Please reproduce the data exactly, excluding any pictures it contains.

==== Information supplied

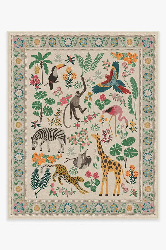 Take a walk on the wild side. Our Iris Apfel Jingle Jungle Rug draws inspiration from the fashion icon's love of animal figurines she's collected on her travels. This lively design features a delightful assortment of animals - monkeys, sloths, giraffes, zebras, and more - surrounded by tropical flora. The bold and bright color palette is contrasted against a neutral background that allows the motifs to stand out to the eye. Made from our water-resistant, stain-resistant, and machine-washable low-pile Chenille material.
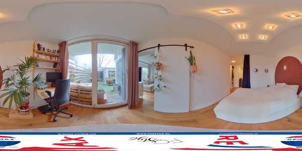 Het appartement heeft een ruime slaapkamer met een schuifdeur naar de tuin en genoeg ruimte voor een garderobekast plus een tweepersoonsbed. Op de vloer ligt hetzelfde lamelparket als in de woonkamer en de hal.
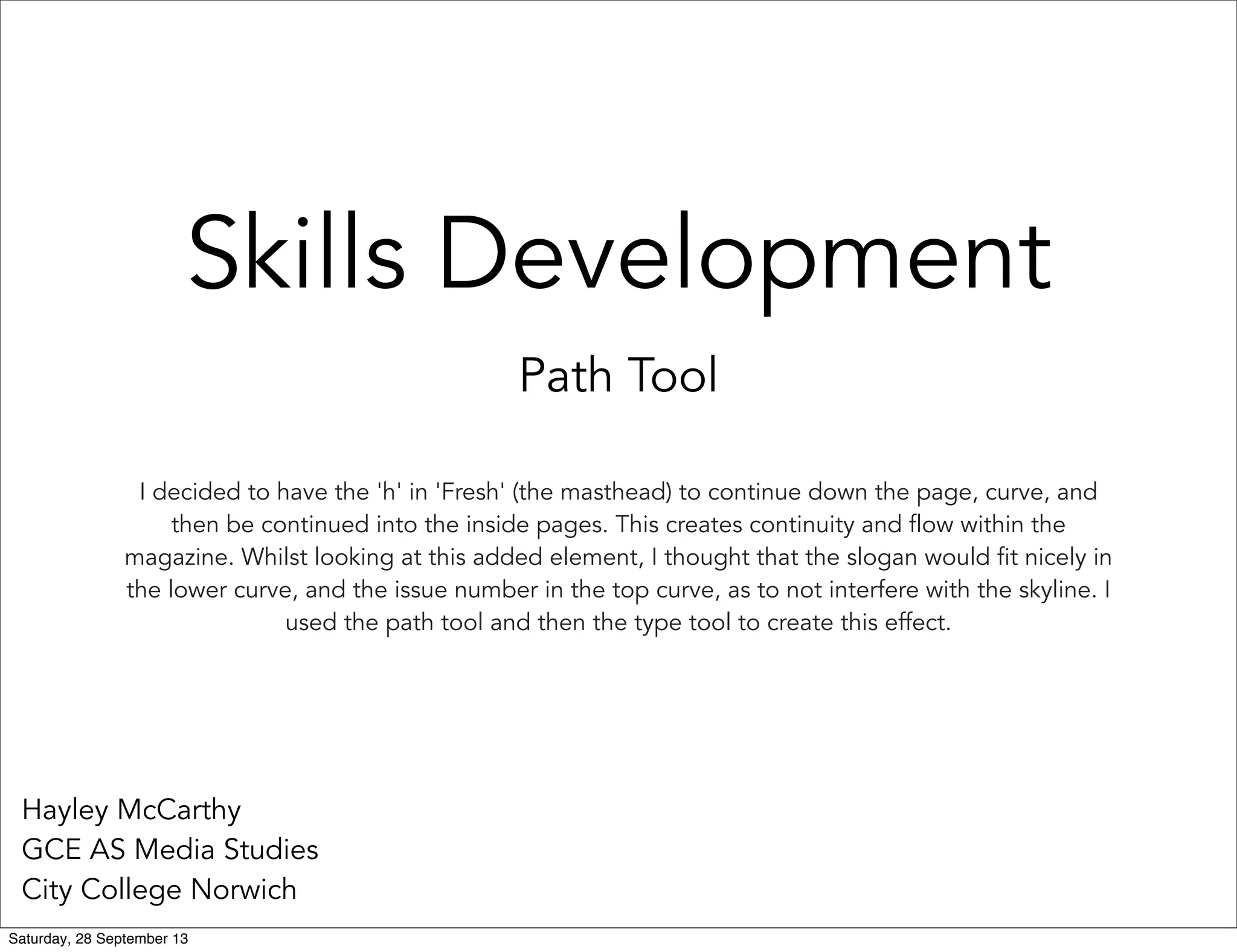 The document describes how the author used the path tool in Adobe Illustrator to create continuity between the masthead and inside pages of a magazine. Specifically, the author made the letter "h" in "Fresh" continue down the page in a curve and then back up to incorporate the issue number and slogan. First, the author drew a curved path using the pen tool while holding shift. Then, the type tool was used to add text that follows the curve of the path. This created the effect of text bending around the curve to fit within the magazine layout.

========

— Written reply —
 Take a walk on the wild side. Our Iris Apfel Jingle Jungle Rug draws inspiration from the fashion icon's love of animal figurines she's collected on her travels. This lively design features a delightful assortment of animals - monkeys, sloths, giraffes, zebras, and more - surrounded by tropical flora. The bold and bright color palette is contrasted against a neutral background that allows the motifs to stand out to the eye. Made from our water-resistant, stain-resistant, and machine-washable low-pile Chenille material.
 Het appartement heeft een ruime slaapkamer met een schuifdeur naar de tuin en genoeg ruimte voor een garderobekast plus een tweepersoonsbed. Op de vloer ligt hetzelfde lamelparket als in de woonkamer en de hal.
 The document describes how the author used the path tool in Adobe Illustrator to create continuity between the masthead and inside pages of a magazine. Specifically, the author made the letter "h" in "Fresh" continue down the page in a curve and then back up to incorporate the issue number and slogan. First, the author drew a curved path using the pen tool while holding shift. Then, the type tool was used to add text that follows the curve of the path. This created the effect of text bending around the curve to fit within the magazine layout.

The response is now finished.